Purpose: To perform a comparative analysis of surgically resected mucinous cystic neoplasm (MCN) of pancreas and branch-duct type intraductal papillary mucinous neoplasms (BD-IPMN) considering clinico-radiological high-risk predictors for malignant tumors using the current management guidelines.

Materials And Methods: 224 patients who underwent surgical resection and had histopathologically confirmed MCNs (benign 73; malignant 17) or BD-IPMNs (benign 110; malignant 24) and had pre-operative CT or MRI were retrospectively reviewed. Tumors classified as either high-grade dysplasia or invasive carcinoma were considered malignant, whereas those with low-grade dysplasia were considered benign. Imaging features were analyzed by two radiologists based on selected high-risk stigmata or worrisome features proposed by prevalent guidelines except tumors with main pancreatic duct dilatation (> 5 mm) were excluded.
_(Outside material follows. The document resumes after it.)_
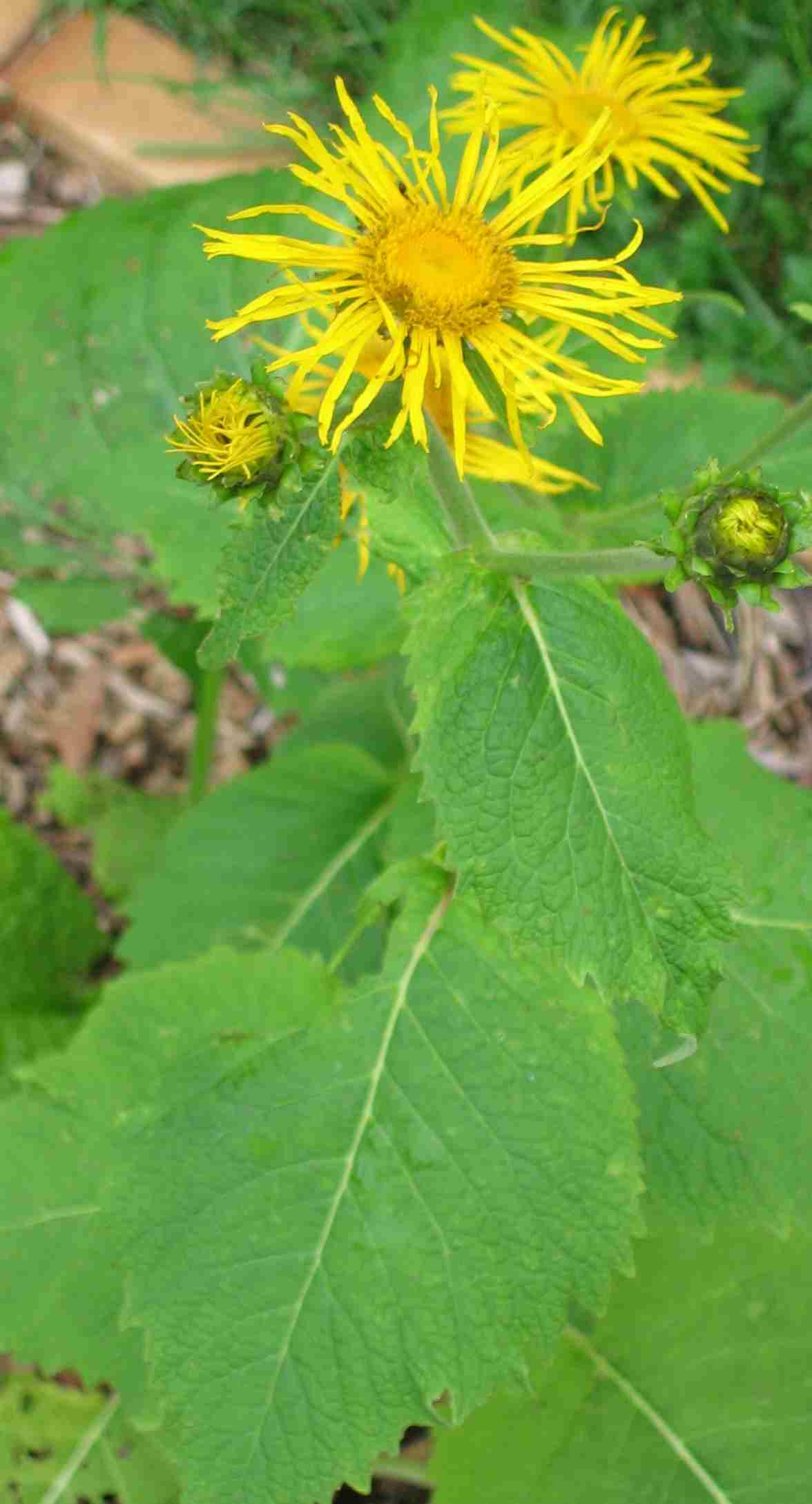 Telekia ist sehr variabel im Aussehen, bei mir werden die Blätter der im Schatten stehenden auch runder und dunkler im Grün, ich würde bei dem Bild von malus auch auf Telekia tippen. Die Röhrenblüten von Telekia werden nach dem Verblühen sehr dunkel bis fast schwarz, bei Alant bleiben sie deutlich heller- vielleicht dient das als Bestimmungshilfe.

Results: MCNs and BD-IPMNs showed significant differences in aspects like tumor size, location, the presence and size of enhancing mural nodules, the presence of wall or septal thickening, and multiplicity. Multivariate analyses revealed tumor size (OR, 1.336; 95% CI, 1.124-1.660, p = 0.002) and the presence of enhancing mural nodules (OR, 67.383; 95% CI, 4.490-1011.299, p = 0.002) as significant predictors of malignant MCNs. The optimal tumor size differentiating benign from malignant tumor was 8.95 cm, with a 70.6% sensitivity, 89% specificity, PPV of 27.6%, and NPV of 96.9%, demonstrating superior specificity than the guideline-suggested threshold of 4.0 cm. For malignant BD-IPMNs, the presence of enhancing mural nodules (OR, 15.804; 95% CI, 4.439-56.274, p < 0.001) and CA 19 - 9 elevation (OR, 19.089; 95%CI, 2.868-127.068, p = 0.002) as malignant predictors, with a size of enhancing mural nodule threshold of 5.5 mm providing the best malignancy differentiation.

Conclusion: While current guidelines may be appropriate for managing BD-IPMNs, our results showed a notably larger optimal threshold size for malignant MCNs than that suggested by current guidelines. This warrants reconsidering existing guideline thresholds for initial risk stratification and management of MCNs.